Hospedales, who spoke on a government radio programme “Working for you”, said there is much discussion on the decriminalisation issue and that there have been several times in history where populations and societies have gone very liberal with substances of abuse.
“The Americans are in the middle of a big opioid crisis and some many decades ago they had a huge problem with addiction and especially among white women,” he said.
“We in the Caribbean have a problem with marijuana and clogging up of the courts and the justice system and that's understandable to try and reduce that side effect. I think though, in introducing these kinds of public policies, consideration has to be given to the full range of impact.”
He said said that if marijuana had to be decriminalised, there may be repercussions.
“We don't want that when you've solved the problem so to speak of reducing the burden of the judicial system and the prisons you create a great surge in the increase of mental health admissions for marijuana addiction and other addictions.
“What I think needs to happen is that there should be strong public education concomitant with decriminalisation if government proceeds along that route; also, proper monitoring of impact policies," Hospedales stated.

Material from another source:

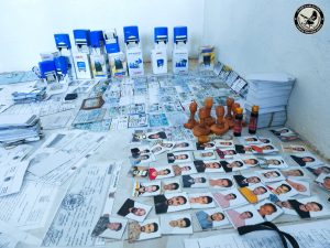 واثناء عملية تفتيش الموقع، عُثر بحوزة أفراد الشبكة على كميات كبيرة من البطائق العسكرية والمدنية المزورة بأسماء شخصيات مختلفة، إضافة إلى تصاريح مرور مزورة باسم جهات عسكرية وأمنية وألوية واجهزة امنية ، وجوازات سفر مزورة، ولوحات معدنية للسيارات، وبيانات جمركية وشهادات جامعية مزيفة، إلى جانب معدات متطورة لتزوير الوثائق، مثل طابعات حديثة، وأجهزة كمبيوتر محمولة ومكتبية ، كما عُثر على كتب شعوذة وسحر، ما يشير إلى استخدامهم أساليب غير مشروعة في عملياتهم الإجرامية.

He added that there are some countries where there are reports by the chief medical officers that they are indeed seeing major increases in admissions for mental health problems associated with marijuana psychosis and increased use.

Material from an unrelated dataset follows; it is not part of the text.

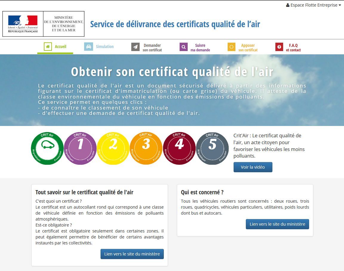 Commander sa vignette CRIT’Air (Payant)

“So, generally you have to look at the whole thing when making a public policy decision,” he said, adding that research has shown that a significant percentage of young people in the Caribbean already use marijuana even if it is only infrequently.
“The harmful consequences of this are well documented. From mental health to social interactions to occupational opportunities. If you are a young person, it is very bad for your studies and it tends to demotivate a lot of young people.

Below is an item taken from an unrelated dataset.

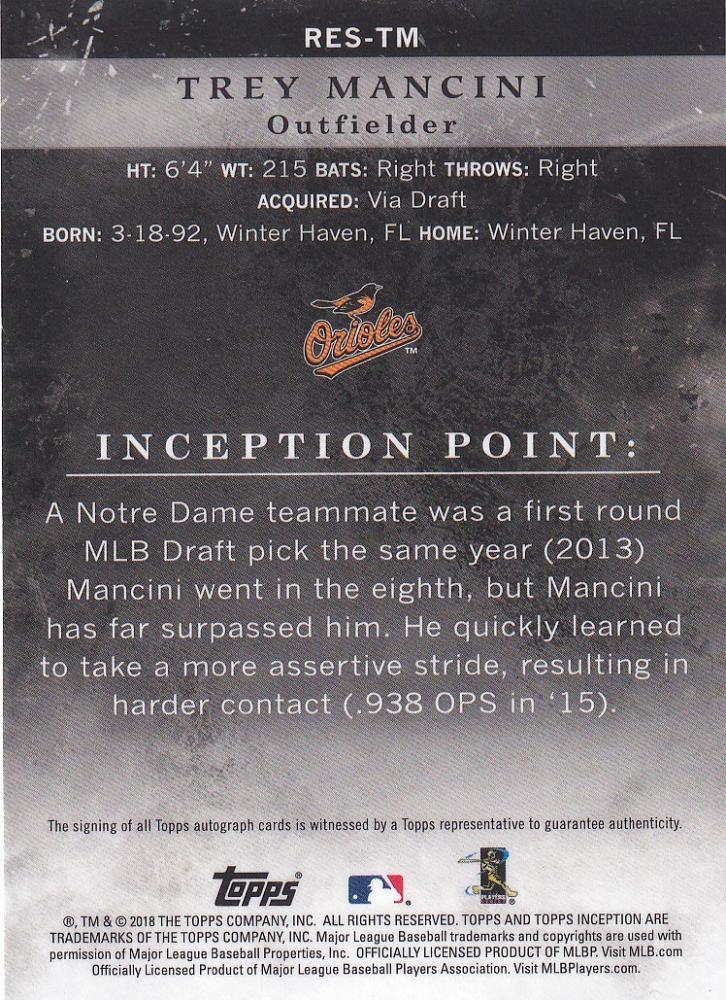 2018 Topps Inception Baltimore Orioles Trey Mancini Rookies and Emerging Stars Autographs Magenta パラレル版 65/99

“I think most Caribbean people are aware of others around us, for example, in our families and among friends, who have not achieved their potential because they have been smoking weed most of their lives or they have a problem with it.”
The CAPHA official said because there is significant medical, social and occupational harm associated with marijuana use, the move to decriminalise it must be taken seriously and if decriminalised there needs to be proper regulation of the substance.
Antigua and Barbuda is the latest Caribbean country to move towards the decriminalisation of marijuana for medicinal purposes.
But Prime Minister Gaston Browne said the initiative would be undertaken in a controlled environment.
“I want to make it abundantly clear that my government is not advocating the use of cannabis, we are against anything that is smoked.
We do accept, though, on the other hand, that marijuana utilised in different forms has significant medicinal benefits and certainly we'll move pretty quickly to ensure that we legalise the use of marijuana for medicinal purposes,” he said.
The prime minister told Parliament that the government would be pursuing research in that regard and will also be looking to Canada, which has promised to legalise cannabis for recreational use by July.